Wednesday, June 6, 2007

3.21 "Kick the Can"

Season 3, Episode 21

Directed by: Lamont Johnson
Written by: George Clayton Johnson

George Clayton Johnson was wise beyond his years, spending the early '60s—when he was only in his thirties—writing a string of moving and mature teleplays on the nature of aging and death; indeed, the first story he ever sold was entitled, "All of Us Are Dying", a blunt statement that just about sums up the mortality-obsessed worldview expressed in his writings. His first episode of The Twilight Zone's third season, Nothing in the Dark, deals with an elderly woman's coming to terms with her own imminent demise, but frankly, though sweet, it's a tad cloying in the way it plays out. (Read our review of it here.) His next episode, Kick the Can, threatens to succumb to the same sort of sappiness, but through a last minute reversal of tone it becomes an effectively tragic tale about loneliness and the forsaken character of old age.

Charles (Ernest Truex, fiesty) may have a bed at Sunnyvale Rest on Tranquility Lane, but he doesn't quite live there, if you know what I mean. Surrounded by zonked-out, senile and half-blind droolers, he still has a spunk about him and an unwillingness to go gently into that good twilight of soup and half-a-sandwich lunches. Against the backdrop of stationary senescents that opens the episode, tow-headed kids are seen playing the children's classic kick-the-can. Charles spots their can and selfishly steals it, against the protests of the children. "Hey mister, that's our can, we're playing with it," one pleads, but Charles, gripping it madly with a far away look in his eyes, is completely oblivious to his imploration.

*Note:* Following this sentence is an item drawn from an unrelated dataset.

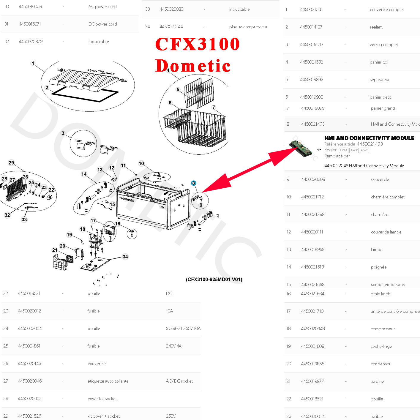 Dometic, platine de commande HMI and Connectivity pour réfrigérateur CFX395DZ, CFX375DZ, CFX355, CFX345, CFX335, CFX325, CFX3100

That's because he's suddenly too preoccupied with pondering the nature of age. Is age an effect of time, or is it merely a state of mind? Charles is fascinated by the idea that the Fountain of Youth might be just a way of thinking, but his cantankerous roommate and lifelong pal Ben (Russell Collins) wants no talk of such silliness. He peers out the window, crotchetily complaining about those dang noisy kids, loud enough to "wake the dead", or at least just the elderly fusspots near death living at the home. Charles is more forgiving, admiring their sense of play and remarking, in reference to the retirement home's grounds, "kids can't resist going where the grass is." (Certainly a cleverly subtle joke from well-known marijuana-legalization advocate Johnson.)

In contrast to the playing children, Charles' fellow septua- and octo-genarian housemates are nothing but "vegetables on a porch", seemingly unflappable until something happens—then they're all nosy and crabby commentators in typical senior citizen fashion. "Let him drown himself if he wants," one remarks of Charles as he dances in a sprinkler.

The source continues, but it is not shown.